I got to see the Moebius and Revell Vipers side by side yesterday, and I gotta say WOW.
Oh and as a bonus, there was a studio scale Viper in the room as well to compare everything too.

The Moebius Viper looks great.

If you already have the Revell viper, never fear, the Moebius Viper is pretty much EXACTLY the same size, except for items that were corrected such as the length of the fuselage.
So you should have no problem displaying them next to each other and justifying it be calling them slightly different variants of the same fighter. Much like variants of real world aircraft.

On a weird note, the cockpit looks like an exact copy of the Revell cockpit.
The canopy of course is corrected, but the cockpit looks the same.
I don't know if the Moebius version comes with a pilot, but I think a Revell pilot should fit just fine..

Without having two unbuilt kits from each company to compare, it looks to me like one could intermix some of the parts, creating other variants. Especially swapping fuselages looks pretty easy if you so desire.

I'm not an expert on the Viper (or anything really) but the one inaccuracy that I did notice (ok-it was pointed out to me) looking at the S.S. Viper, was the the piping on the back end between the engines was too recessed like on the Revell Viper. It should be more flush to the back end.
Its something that doesn't bother me, as I'm so used to the feature already on the Revell Viper, that it was the Studio model that looked weird to me (though its obviously the accurate source - and I don't recall how recessed they are on the full size prop).
Personally, I like them recessed as it looks more 'realistic' to me, treating the engine nozzles more like the 'turkey feathers' of a real fighter.

Most of the detail looks really crisp, but as usual, the panel lines are a bit heavy. If your a plane guy, then like me, you've seen recessed panel lines on recent Zvesda and Minicraft planes that are so fine, that your afraid they'll disappear with a couple coats of paint. 

The landing gear looks fantastic, though my only personal complaint at this point, is that the gear wells are not of sufficient size to stow the retracted gear on a 'real' viper.

This of course won't bother the 'in-flight' guys, but for us 'gear down' guys its slightly disappointing.

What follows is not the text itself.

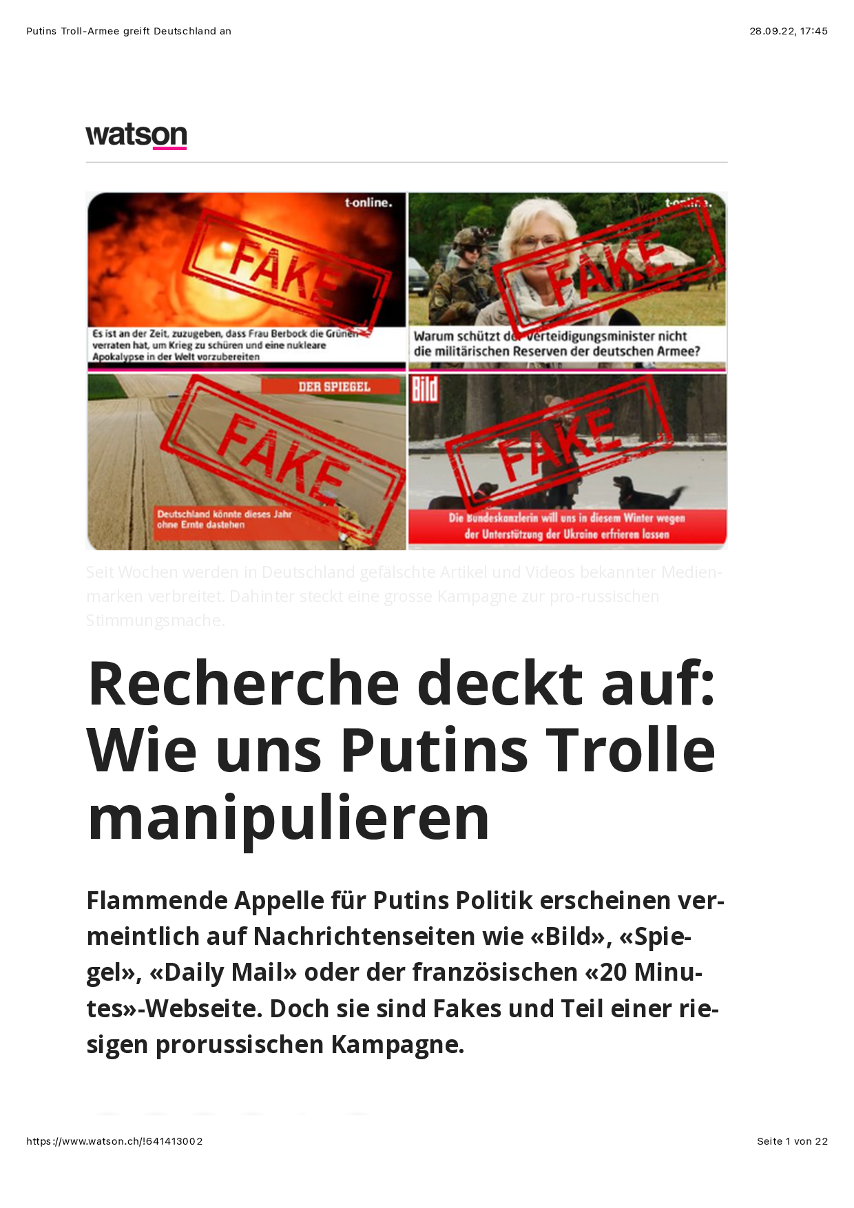 «Recherche deckt auf: Wie uns Putins Trolle manipulieren» (watson)

-Yes, I know there weren't gear wells on the full size prop. But this is where I think we could let a little artistic license creep in to create a more 'realistic' Viper and no one would mind.

That being said, thats about the only think keeping this (for me) from being a truly outstanding kit.


----------



## ryoga (Oct 6, 2009)

The Moebius kit is truly outstanding. I have done a comparison between the Revell kit and Moebius at http://www.hobbytalk.com/bbs1/showthread.php?t=400457&page=2

And the Moebius kit is a joy to work with too. Everything fits in place


----------



## ClubTepes (Jul 31, 2002)

Wow,

I'm getting old.
I didn't even remember this thread AND I MADE A COMMENT ON IT!!

In any case, yesterday was the first time I got to see them together in person.
(Or at least I think so - :freak


----------



## robn1 (Nov 17, 2012)

ClubTepes said:


> ...yesterday was the first time I got to see them together in person.
> (Or at least I think so - :freak


You've probably already built one. Now where's that Xacto I set down ten seconds ago? :wave:


----------



## Paulbo (Sep 16, 2004)

It looks to me that cockpit in the Monogram kit influenced the pattern makers of the Moebius kit - they're close, but not identical. I had to do some jiggering to rescale the artwork I did for the (unreleased - long story) Monogram PE set to make it work.


----------